しばし就寝した後、彼女は、きっかり午後の三時にリビングへ戻ってきて、『説明書の資料』通り間食をとった。その後はピアノの楽譜が置かれてある棚の前で丸くなって眠り、夕方には点検するように各部屋を回り、縁側の前でうつ伏せになって外の景色を眺めていた。景色を眺めている間は気分がいいのか、優雅な尻尾で床を左右に擦っていた。

 萬狩はというと、朝は珈琲をやりながら新聞とニュース番組を眺め、窓から入ってくる風の心地良さにソファの上でしばし仮眠を取り、午後にはパソコンを使って少し仕事を行い、大半は読書をして過ごした。勿論、煙草は外で吸う事を心掛けていた。

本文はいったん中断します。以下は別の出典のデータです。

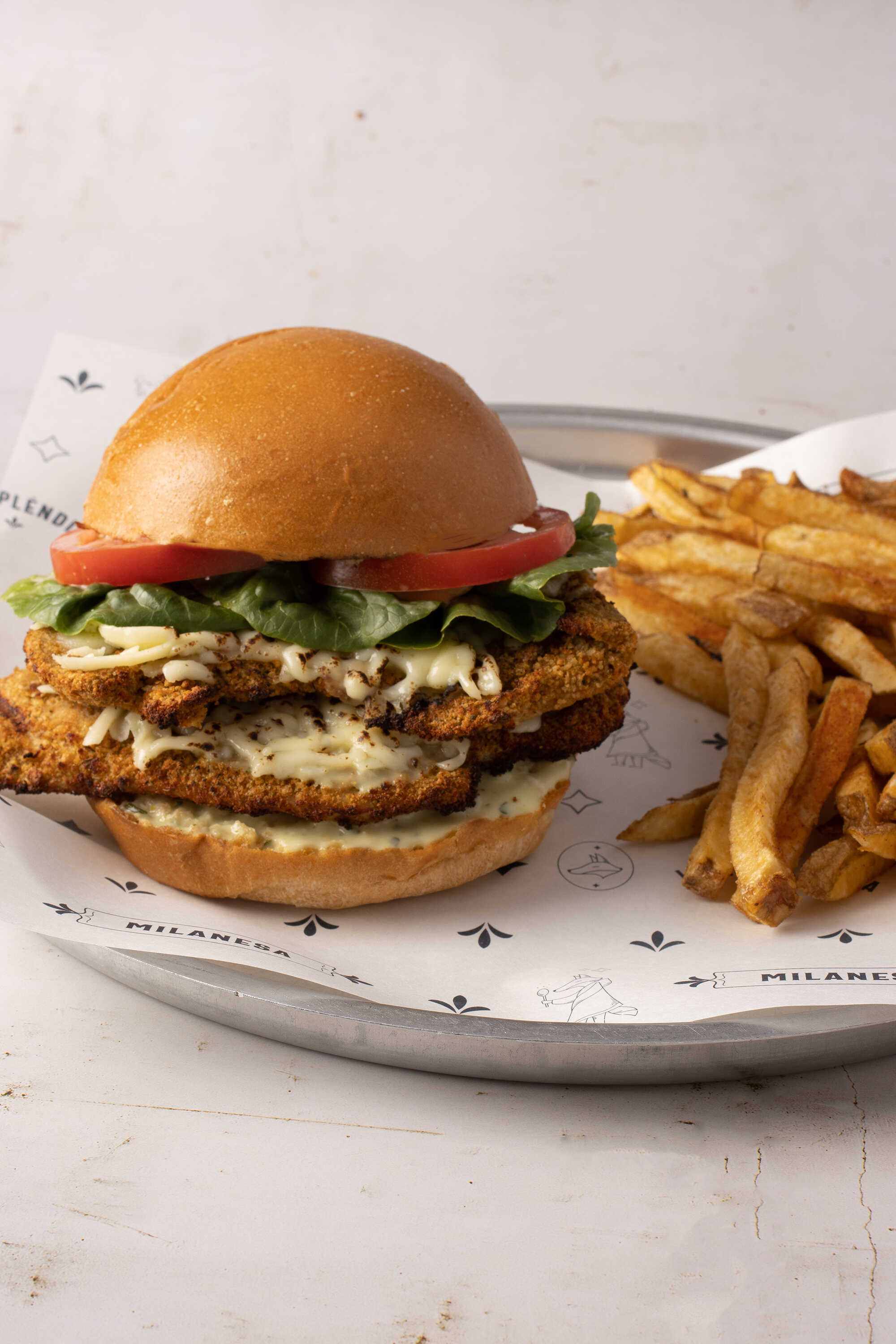 Sándwich de milanesa al horno con proteína a tu elección, queso mozarella, mix verdes de temporada, tomates uvalina, salsa de la casa y 200g de papa francesa.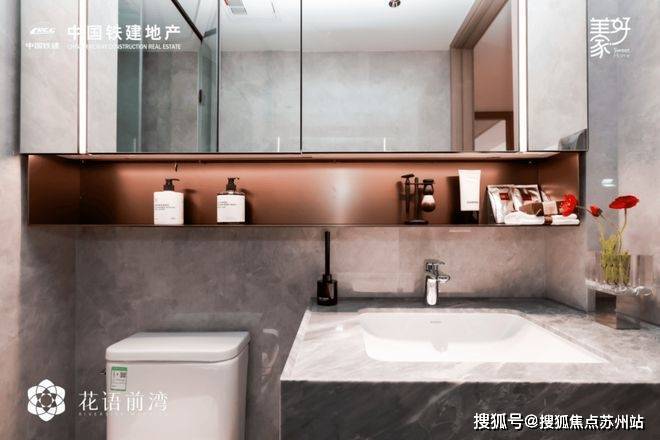 全屋墙布交付,甚至连局部免漆木饰面格栅+仿大理石岩板也是交付标准,诚意之高见微知著。在卫生间,主卧镜柜内置美妆冰箱,方便女主人储物各种面膜,化妆品等物件。客卫镜柜内置插座,可以给电动牙刷、剃须刀充电,吹头发也不用扯长长的电线。高规格居家从每一处体现得淋漓尽致。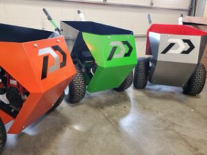 If you have existing grass it will not be effected by our machines. The grass in the area the curb is laid is trenched to install your curbing. Out side that area the grass remains the same. We transfer the concrete using a Piledriver, which has large turf tires and don't tear up the grass. You curb is extruded through a curb machine like this, which we mfg. The concrete is mixed onsite with a specialized trailer and mortar mixer. We are totally self contained and will need nothing from you like water or elec. Very minimal disturbance to your property. You must understand tho that there may be very small minute leftovers next to curb or in the grass which is easily picked up.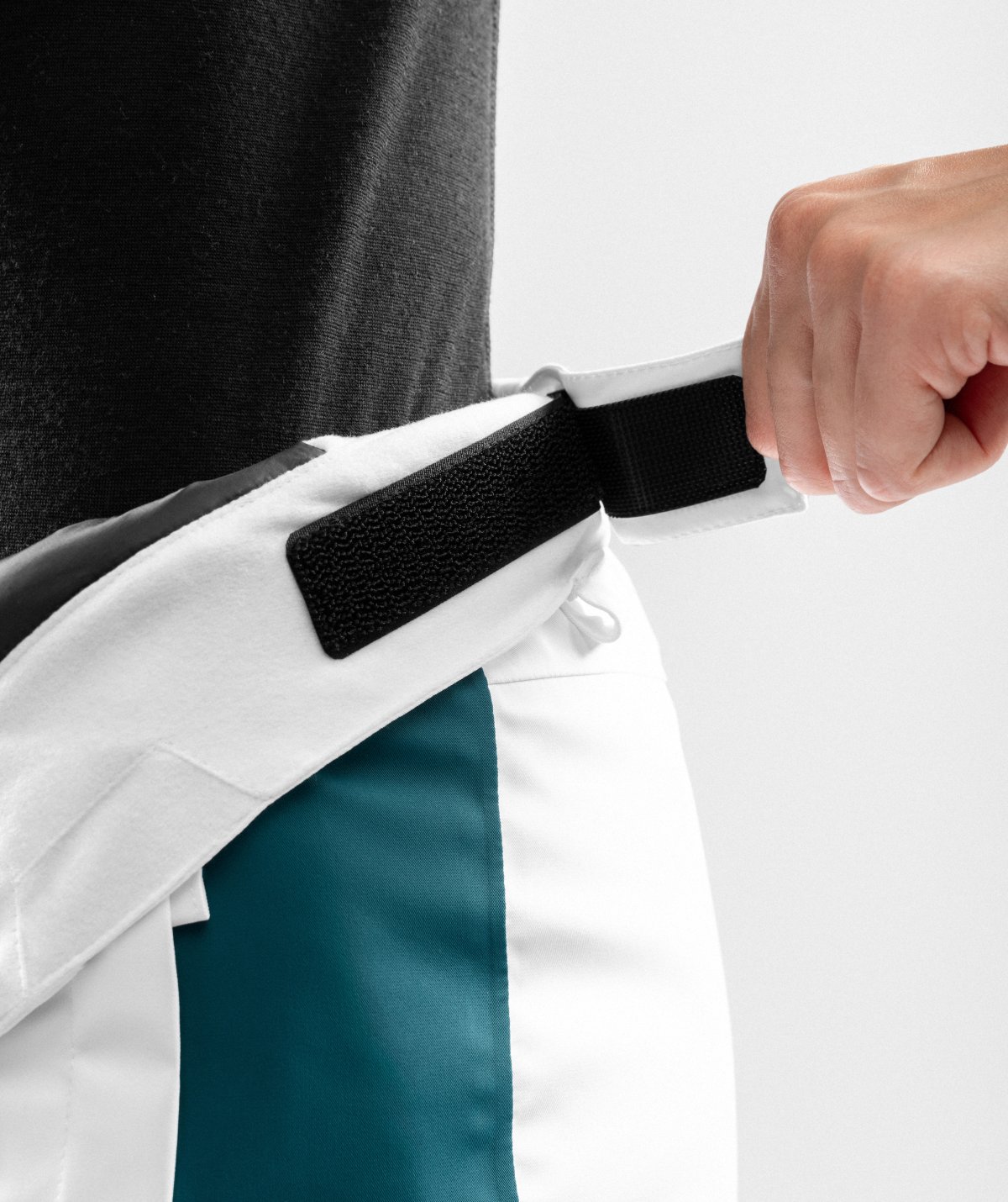 - Verstellbarer Bund mit Seitenklettverschlüssen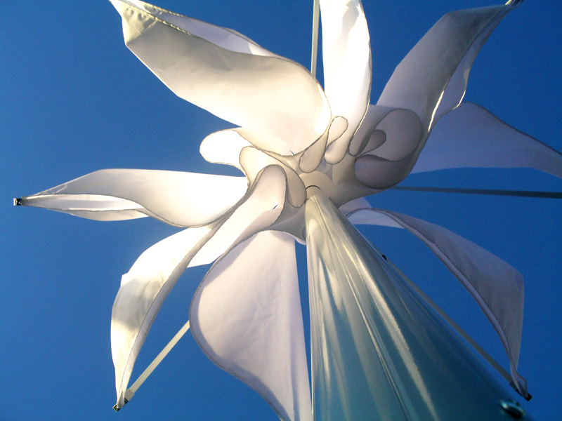 Die innovative Schirmkonstruktion erhält ihre unverwechselbare Form und Leichtigkeit durch die frei geschwungene, ausschließlich von oben gehaltene Segelfläche. So gelingt die verblüffende Synthese zwischen der Freiheit und Eleganz eines gespannten Sonnensegels mit der Flexibilität und Funktionalität eines mobilen Schirmsystems. Es schafft bei Tag oder effektvoll beleuchtet bei Nacht einen Aufenthaltsbereich mit einzigartiger Atmosphäre. Zu verdanken ist die raffinierte Kreation der Beteiligung von Experten wie Architekten und Membraningenieuren, die auch an eine möglichst einfache Bedienung gedacht haben. Die Schirme lassen sich je nach Größe über ein Seilzug- oder Teleskopsystem leicht öffnen und schließen.

 持ってきた書籍は大半が未読のものだったので、暇を潰すにはもってこいだった。まだ老眼に入っていない萬狩は、若い頃に読書を楽しめなかったせいか、実を言うと取締役を退いてからというもの、目新しい小さな楽しみの一つとなっていたのだった。

        ※※※

 入居して二日目、シェリーが書斎室へやってきて、沢山の本がつまった新しい書棚を、しばし不思議そうに眺めた。棚の一番下には大型の書物を詰めていたのだが、シェリーがあまりにも匂いを嗅ぐものだから、萬狩は「それは楽譜ではないぞ」と指摘した。

 けれど指摘してすぐ、彼は、犬に向かって俺は何を言っているんだと馬鹿らしくなった。シェリーは、まるで言葉を理解したかのように彼を振り返って、それから、いつものような足取りでゆっくりと書斎を出ていった。

 新しい土地での暮らしが始まって、一週間が過ぎた月曜日、入居の際に知らされていた獣医の訪問検診が午前中にあり、少し時間を置いて専門の配達業者が、ペットフードとペットの生活用品を届けにやって来た。